● Try it
Nothing should appear in the answer except the lines from the one with "Ordinary differential equations" through the end of the listing below, transcribed exactly and without pictures.

+++ Task material

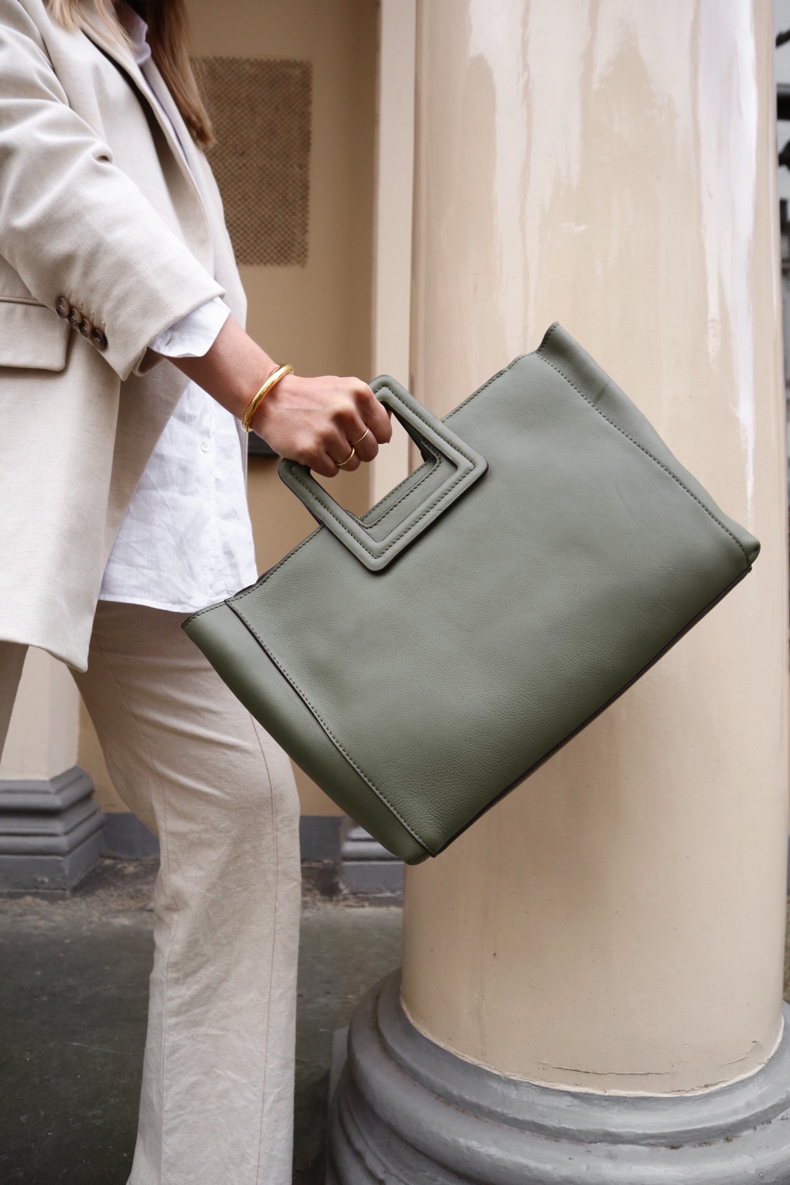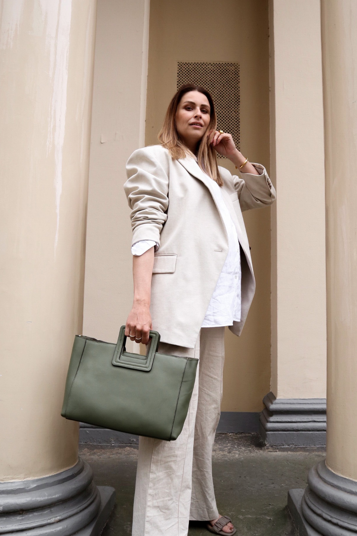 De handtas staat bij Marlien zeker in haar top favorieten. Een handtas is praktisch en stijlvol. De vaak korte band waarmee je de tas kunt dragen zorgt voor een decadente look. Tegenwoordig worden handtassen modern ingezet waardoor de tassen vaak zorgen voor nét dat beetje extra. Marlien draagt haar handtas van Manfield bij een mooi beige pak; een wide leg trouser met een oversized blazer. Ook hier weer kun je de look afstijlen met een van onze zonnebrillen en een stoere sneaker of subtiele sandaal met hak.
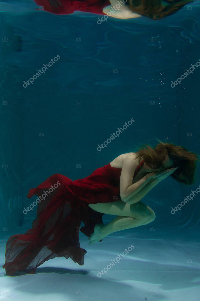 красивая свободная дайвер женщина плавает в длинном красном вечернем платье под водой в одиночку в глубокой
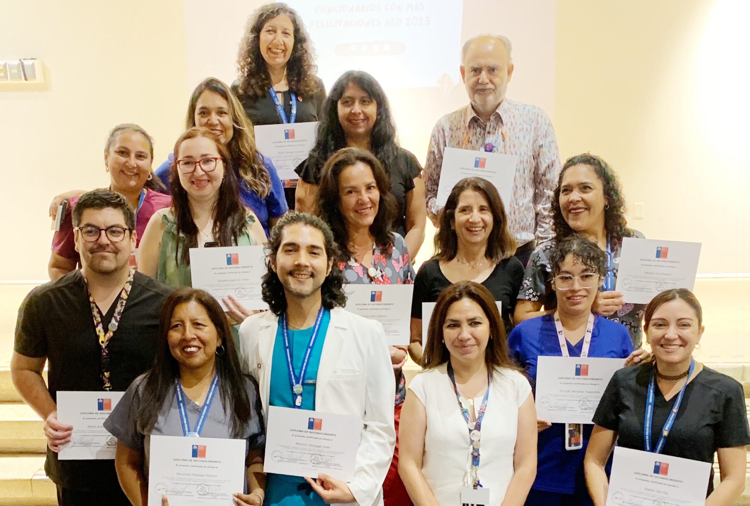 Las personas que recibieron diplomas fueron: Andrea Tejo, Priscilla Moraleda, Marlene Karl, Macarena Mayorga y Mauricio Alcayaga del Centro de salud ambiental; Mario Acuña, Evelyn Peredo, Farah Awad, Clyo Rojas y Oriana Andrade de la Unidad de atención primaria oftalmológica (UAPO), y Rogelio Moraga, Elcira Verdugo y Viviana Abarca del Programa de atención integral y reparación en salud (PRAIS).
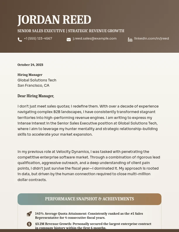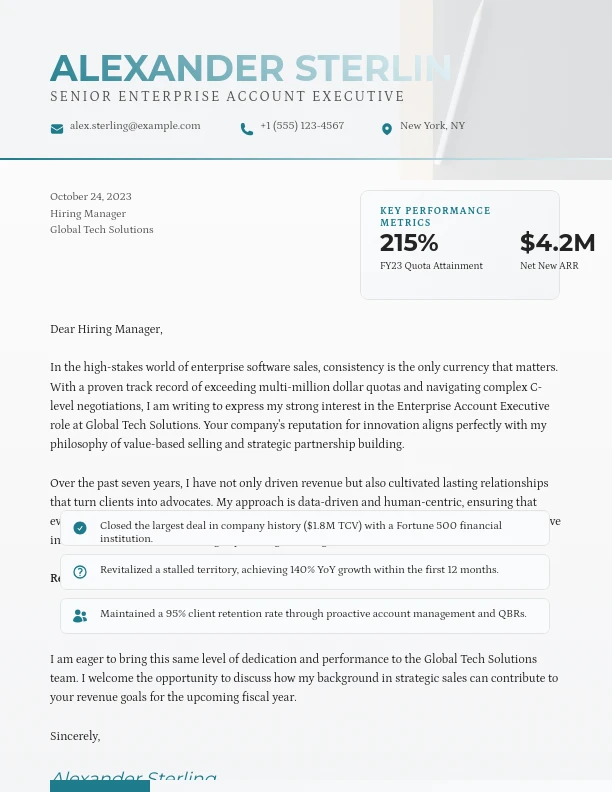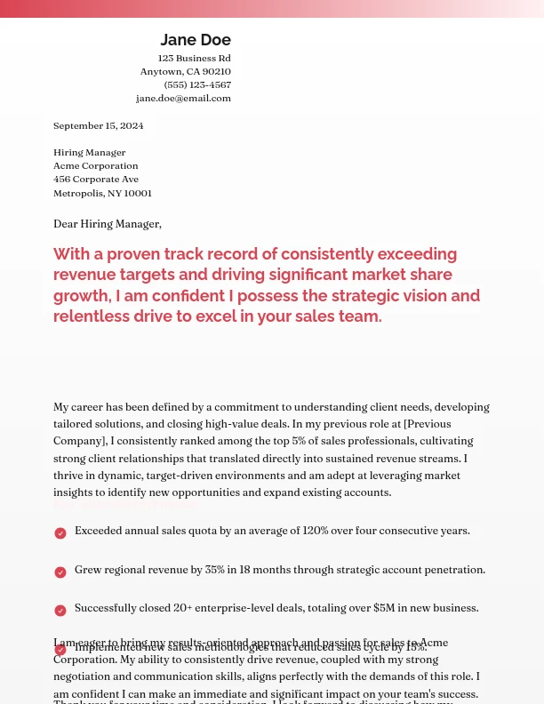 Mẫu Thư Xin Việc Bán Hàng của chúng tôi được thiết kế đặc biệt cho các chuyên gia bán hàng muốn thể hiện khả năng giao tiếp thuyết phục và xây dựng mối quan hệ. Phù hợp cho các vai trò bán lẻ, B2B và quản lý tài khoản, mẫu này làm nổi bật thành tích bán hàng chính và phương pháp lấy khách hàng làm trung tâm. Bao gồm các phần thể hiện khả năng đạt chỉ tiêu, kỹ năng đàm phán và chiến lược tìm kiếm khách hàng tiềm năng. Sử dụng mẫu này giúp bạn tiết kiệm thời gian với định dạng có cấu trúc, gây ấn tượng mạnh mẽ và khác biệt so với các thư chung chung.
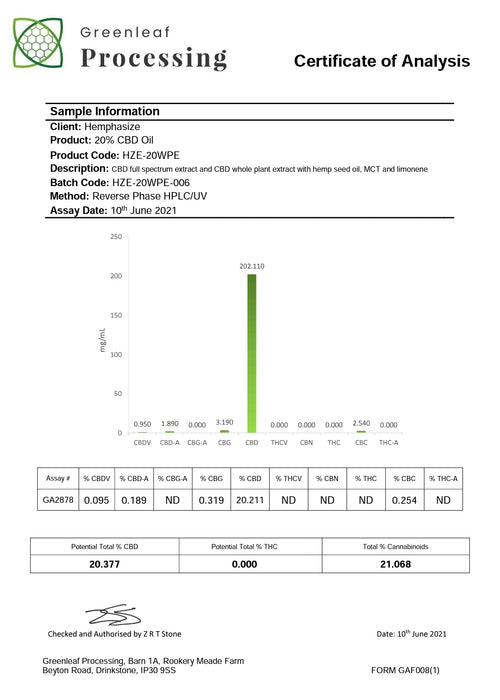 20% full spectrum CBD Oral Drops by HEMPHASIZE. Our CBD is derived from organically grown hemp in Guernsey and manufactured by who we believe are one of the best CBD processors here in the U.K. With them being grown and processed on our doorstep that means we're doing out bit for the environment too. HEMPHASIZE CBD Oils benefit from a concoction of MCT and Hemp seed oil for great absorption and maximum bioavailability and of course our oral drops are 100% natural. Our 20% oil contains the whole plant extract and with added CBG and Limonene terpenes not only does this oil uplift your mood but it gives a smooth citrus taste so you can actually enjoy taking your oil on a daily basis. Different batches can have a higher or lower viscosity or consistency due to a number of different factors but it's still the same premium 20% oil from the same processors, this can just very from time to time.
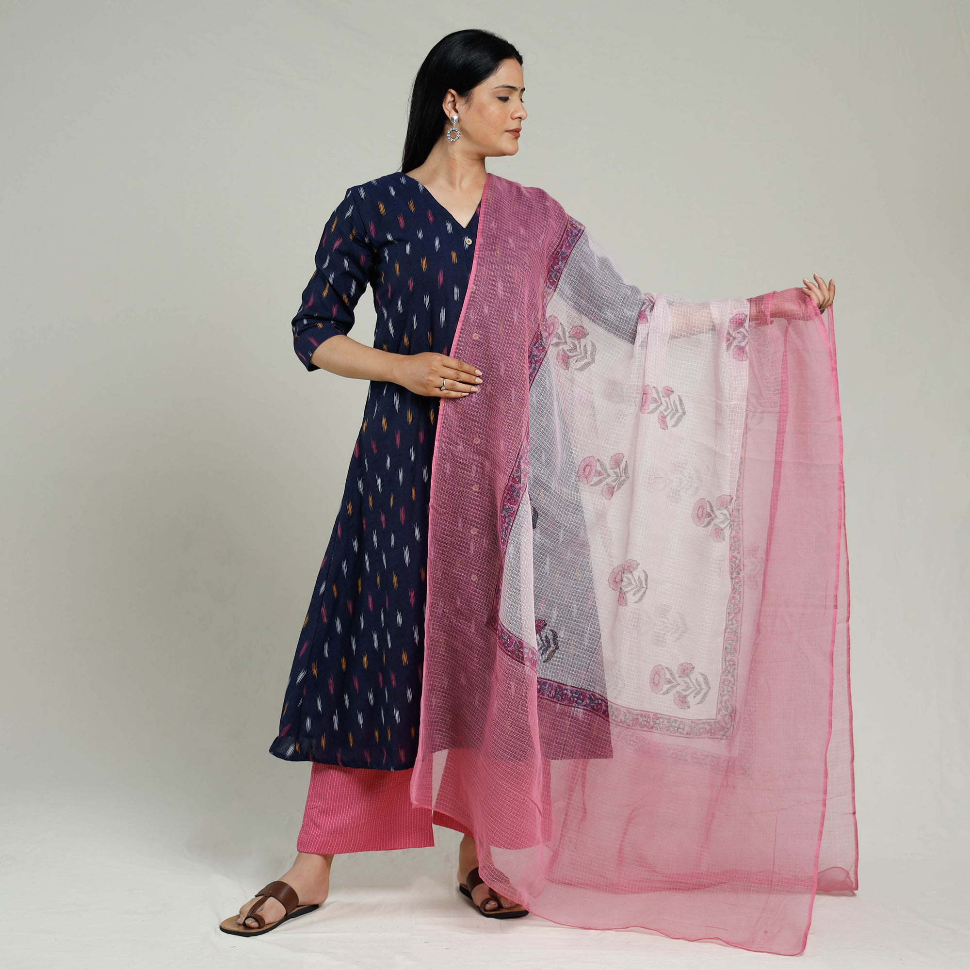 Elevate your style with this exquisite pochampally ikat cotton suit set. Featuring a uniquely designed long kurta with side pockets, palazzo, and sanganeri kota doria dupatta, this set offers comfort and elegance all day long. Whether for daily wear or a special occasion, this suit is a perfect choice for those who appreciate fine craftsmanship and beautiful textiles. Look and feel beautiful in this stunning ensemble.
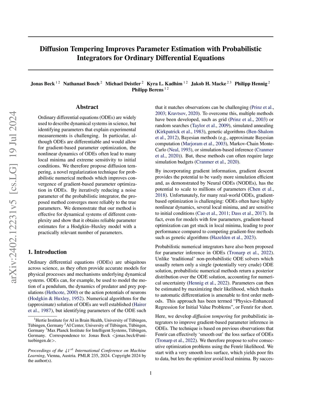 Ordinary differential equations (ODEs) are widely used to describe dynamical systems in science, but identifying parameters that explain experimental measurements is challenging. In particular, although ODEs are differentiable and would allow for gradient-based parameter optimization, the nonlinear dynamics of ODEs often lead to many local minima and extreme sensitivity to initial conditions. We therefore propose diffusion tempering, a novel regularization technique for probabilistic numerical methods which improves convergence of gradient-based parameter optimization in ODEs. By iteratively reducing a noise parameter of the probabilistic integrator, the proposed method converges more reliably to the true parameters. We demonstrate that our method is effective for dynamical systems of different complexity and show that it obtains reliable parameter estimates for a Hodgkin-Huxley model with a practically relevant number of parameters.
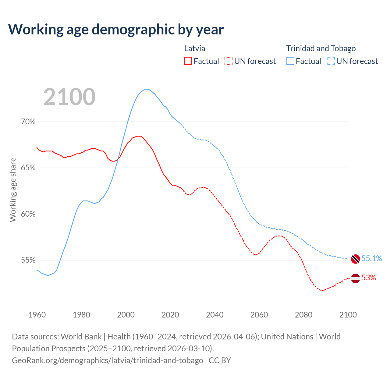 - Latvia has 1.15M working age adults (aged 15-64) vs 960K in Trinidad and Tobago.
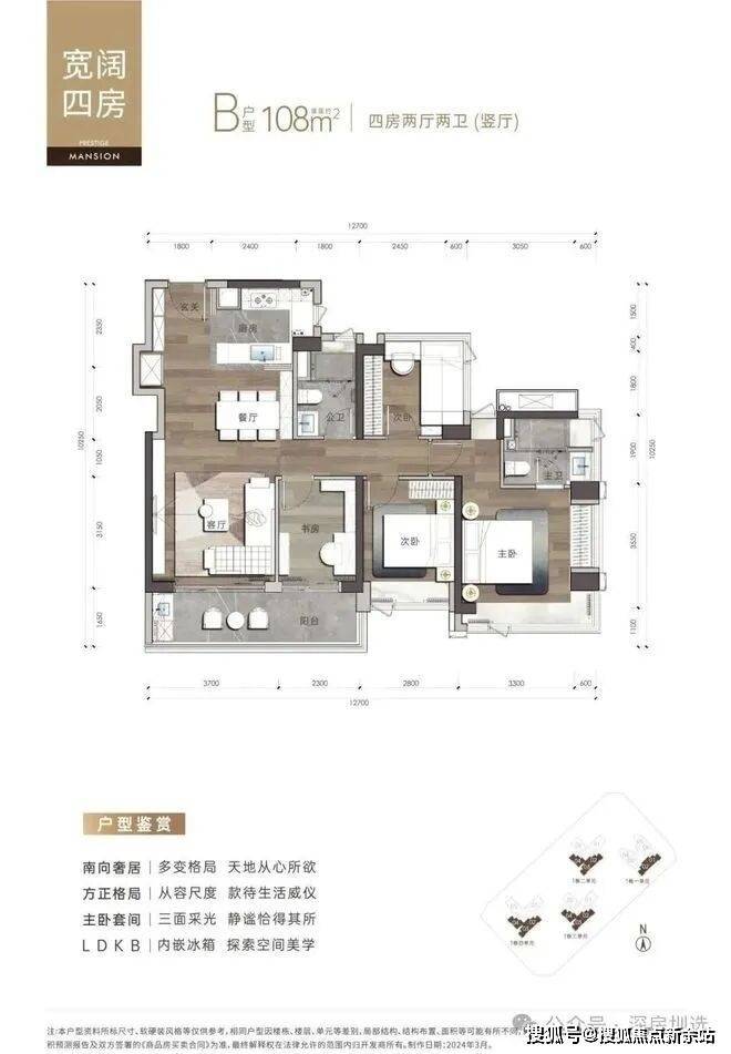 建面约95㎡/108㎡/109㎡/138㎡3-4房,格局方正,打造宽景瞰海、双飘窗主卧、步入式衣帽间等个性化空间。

++++++

● Response to this task
 Ordinary differential equations (ODEs) are widely used to describe dynamical systems in science, but identifying parameters that explain experimental measurements is challenging. In particular, although ODEs are differentiable and would allow for gradient-based parameter optimization, the nonlinear dynamics of ODEs often lead to many local minima and extreme sensitivity to initial conditions. We therefore propose diffusion tempering, a novel regularization technique for probabilistic numerical methods which improves convergence of gradient-based parameter optimization in ODEs. By iteratively reducing a noise parameter of the probabilistic integrator, the proposed method converges more reliably to the true parameters. We demonstrate that our method is effective for dynamical systems of different complexity and show that it obtains reliable parameter estimates for a Hodgkin-Huxley model with a practically relevant number of parameters.
 - Latvia has 1.15M working age adults (aged 15-64) vs 960K in Trinidad and Tobago.
 建面约95㎡/108㎡/109㎡/138㎡3-4房,格局方正,打造宽景瞰海、双飘窗主卧、步入式衣帽间等个性化空间。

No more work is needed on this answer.